§ **Material provided**
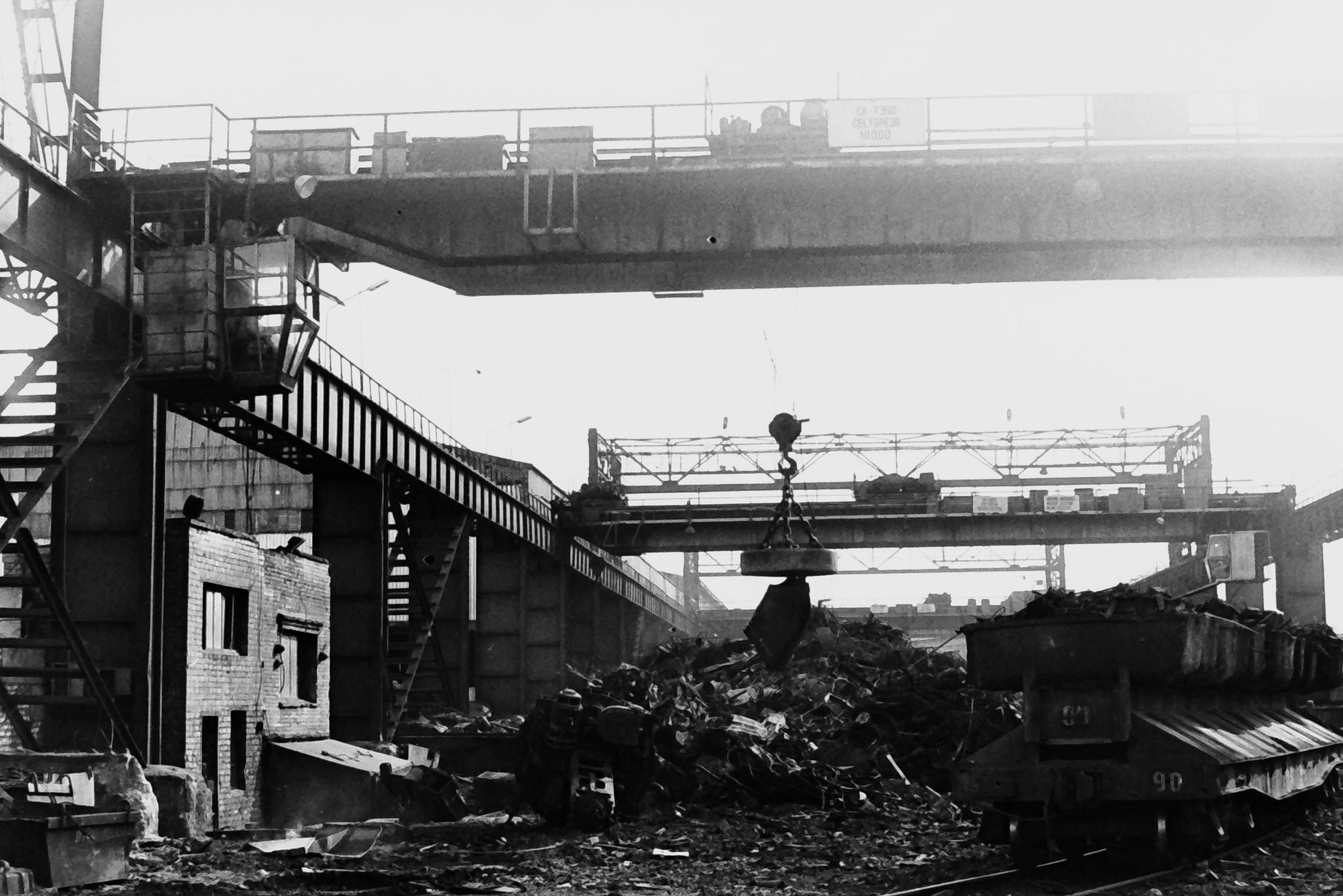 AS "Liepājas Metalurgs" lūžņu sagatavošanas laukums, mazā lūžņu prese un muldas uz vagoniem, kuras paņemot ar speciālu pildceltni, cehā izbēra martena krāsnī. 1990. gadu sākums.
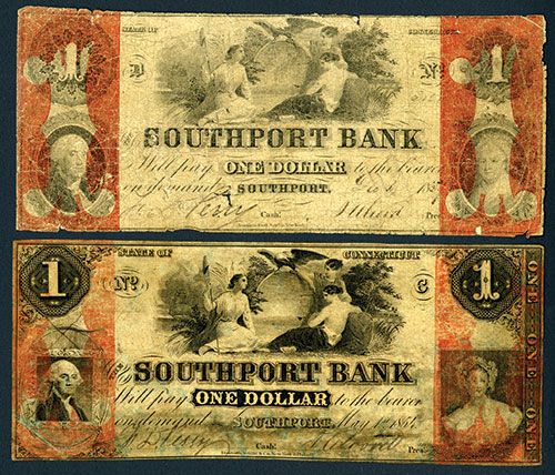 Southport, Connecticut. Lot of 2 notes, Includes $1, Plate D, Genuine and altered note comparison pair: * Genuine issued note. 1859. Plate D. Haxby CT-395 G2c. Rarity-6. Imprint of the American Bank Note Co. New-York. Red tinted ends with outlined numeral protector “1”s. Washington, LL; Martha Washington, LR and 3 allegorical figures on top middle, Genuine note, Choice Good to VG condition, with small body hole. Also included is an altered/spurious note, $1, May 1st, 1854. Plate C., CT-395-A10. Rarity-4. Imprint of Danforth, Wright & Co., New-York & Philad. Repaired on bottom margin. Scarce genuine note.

==

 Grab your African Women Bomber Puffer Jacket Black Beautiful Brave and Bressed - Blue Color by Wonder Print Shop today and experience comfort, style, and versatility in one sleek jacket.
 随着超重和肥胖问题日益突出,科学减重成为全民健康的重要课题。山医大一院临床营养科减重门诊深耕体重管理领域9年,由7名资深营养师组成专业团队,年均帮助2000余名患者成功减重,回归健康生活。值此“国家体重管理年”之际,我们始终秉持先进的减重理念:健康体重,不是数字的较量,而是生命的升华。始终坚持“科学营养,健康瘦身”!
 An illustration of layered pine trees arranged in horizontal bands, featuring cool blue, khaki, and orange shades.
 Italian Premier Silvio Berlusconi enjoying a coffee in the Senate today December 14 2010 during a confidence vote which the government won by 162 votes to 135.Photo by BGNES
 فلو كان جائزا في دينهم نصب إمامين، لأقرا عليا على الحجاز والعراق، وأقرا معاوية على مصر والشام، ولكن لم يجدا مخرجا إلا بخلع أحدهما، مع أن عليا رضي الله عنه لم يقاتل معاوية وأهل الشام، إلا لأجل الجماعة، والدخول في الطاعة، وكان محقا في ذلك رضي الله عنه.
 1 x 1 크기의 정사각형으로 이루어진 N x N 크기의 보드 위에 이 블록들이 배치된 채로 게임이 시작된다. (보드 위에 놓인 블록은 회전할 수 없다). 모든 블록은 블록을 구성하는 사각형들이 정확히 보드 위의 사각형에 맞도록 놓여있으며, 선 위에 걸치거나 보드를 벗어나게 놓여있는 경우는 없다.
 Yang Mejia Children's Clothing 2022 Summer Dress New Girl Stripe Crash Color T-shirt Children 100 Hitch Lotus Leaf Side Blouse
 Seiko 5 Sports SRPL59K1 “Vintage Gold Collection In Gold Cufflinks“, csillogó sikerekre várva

§ **Assignment**
Check each line above for the string "today" and return those that contain it.

§ **Answer**
 Grab your African Women Bomber Puffer Jacket Black Beautiful Brave and Bressed - Blue Color by Wonder Print Shop today and experience comfort, style, and versatility in one sleek jacket.
 Italian Premier Silvio Berlusconi enjoying a coffee in the Senate today December 14 2010 during a confidence vote which the government won by 162 votes to 135.Photo by BGNES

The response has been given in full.